Der "Matrose" macht seine Schulung weiter und übernimmt die Funktion eines "Kontrolleurs II" während 75 Tagen. Seine Arbeit ist, die Aufgaben eines Schiffmannes zu übernehmen und Fahrausweise der 2. Klasse zu kontrollieren. Nach einem internen Examen, wird er zum "Kontrolleur II" ernannt.
Die Ausbildung geht weiter und der "Kontrolleur II" übernimmt während 75 Tagen die Funktion eines "Kontrolleurs I", wozu er danach ernannt wird. Seine Aufgaben bleiben gleich, ausser, dass er auch die Fahrausweise der 1. Klasse kontrolliert.

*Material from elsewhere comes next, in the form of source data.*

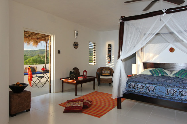 The master bedroom sits in the middle of the second floor with an expansive sun deck on one side and a shaded roof terrace on the other side. The blue and yellow bedrooms are located on either side of the main floor with the living room, dining room, and kitchen located in the middle. The red bedroom is located right off of the enclosed courtyard. All bedrooms are en suite and have king size beds.
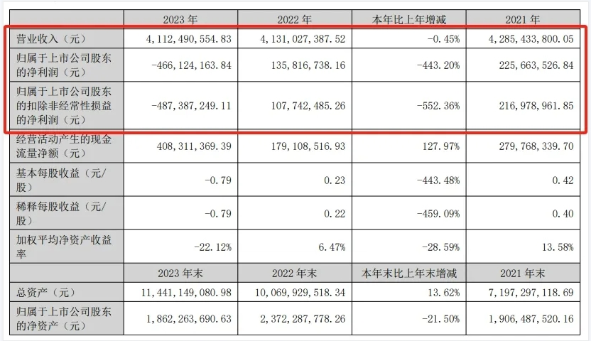 2023年,百川股份實(shí)現(xiàn)營(yíng)業(yè)收入41.12億元,同比下滑0.45%;實(shí)現(xiàn)凈利潤(rùn)-4.66億元,同比下滑443.2%;實(shí)現(xiàn)扣非后凈利潤(rùn)-4.87億元,同比下滑552.36%。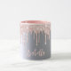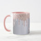 An elegant, girly and glam mug. Faux rose gold drip, paint drip.  Chic faux silver looking background.  Template for your name written with a hand lettered style script.  Rose gold coloured letters.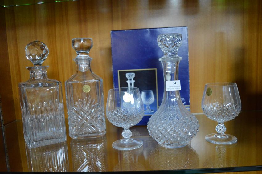 Cristal D'Arques 3pc Brandy Set plus Two Lead Crystal Decanters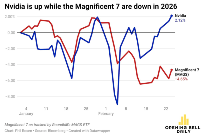 Los resultados de Nvidia se han convertido en el principal termómetro del ciclo de la inteligencia artificial, especialmente en un momento en que es la única de las llamadas “Magnificent 7” que mantiene ganancias en el año, desafiando el pesimismo reciente que ha golpeado al resto del sector tecnológico. Esta divergencia ha elevado el peso simbólico de su reporte: los inversionistas no solo evaluarán el desempeño de una empresa, sino la solidez de toda la narrativa de crecimiento impulsada por la inteligencia artificial, dado que Nvidia sigue siendo el proveedor dominante de la infraestructura crítica —los “picos y palas”— que sostiene este nuevo paradigma tecnológico.

Wenn man dieses Grad erreicht hat, wählt der Schiffmann, welchen Weg er einnehmen möchte: "Kasse" oder "Steuer". (ein dritter Weg, der der Maschine, welche die Wahl zwischen den Berufen der Dampf- oder Dieselmechanik lässt).
Sollte die Wahl auf Kassierer fallen, arbeitet der "Kontrolleur I" er während 200 Tagen als "Hilfskassierer". Danach, nach erfolgreichem Abschluss der internen Prüfung, erhält er den Grad eines "Kassierers". Zu diesem Zeitpunkt, hat der Schiffsmann mindestens eine 4 jährige Ausbildung gemacht!
Sollte er den Weg eines "Steuermannes" wählen, wird der "Kontrolleur I" während 200 Tagen zum "Hilfssteuermann" bevor er zum "Untersteuermann" ernennt wird. Dieser sollte wiederum 200 Tage in dieser Funktion arbeiten. Nach internen theoretischen und praktischen Examen kann der den Grad als "Steuermann" erreichen. Der „Steuermann“ ist der Vertreter des "Kapitäns" und verbessert an seiner Seite die Kenntnisse der Schifffahrt. In dieser Zeit bekommt er auch eine intensive Instruktion durch den "Kapitän-Instruktor" der CGN.
Nach einer spezifischen Vorbereitung und je nach Bedürfnis der Gesellschaft, kann sich der "Steuermann" für ein Examen des Bundesamtes für Verkehr BAV anmelden, um die Funktion als "Pilot" auf den Schnellbooten ("Lavaux", "Morges", "Valais" und "Col-Vert") zu übernehmen. Der Ausweis "Pilot" kann zusätzlich noch mit einem Vermerk HGA (Hélices à gouvernail actif) versehen werden und zwar nach einer BAV-Prüfung. Mit diesem Vermerk kann der "Pilot" auf Schnellbooten vom Typ NAVIBUS, fahren.
Dann, immer noch je nach Bedürfnis der Gesellschaft, kann er dazu aufgeboten werden, um sich zum "Kapitän II" weiterbilden zu lassen. Der "Pilot" sollte eine neue komplette Instruktion erhalten und anschliessend ein praktisches und theoretisches Examen absolvieren in Anwesenheit eines Staatsexperten.
Danach kann der "Kapitän II" während 300 Tagen die Funktion als "Hilfskapitän" übernehmen. Der "Hilfskapitän" kann alle Schiffe der CGN fahren, ausser denjenigen mit Dampfantrieb und das "Lausanne". Nach diesen 300 Tagen, wird er endlich zum "Kapitän II" ernannt. Der "Kapitän II" muss die Funktion in dieser Position noch 3 Jahre weiterbesetzen, bevor er nach verschiedenen erfolgreich bestandenen theoretischen und praktischen Staatsexamen im Sektor "Dampf" zum Grand des "Kapitäns I" ernannt wird und alle Schiffe der CGN fahren kann. Man muss also mit ungefähr 15 Jahren Ausbildung rechnen, um Kapitän I zu werden.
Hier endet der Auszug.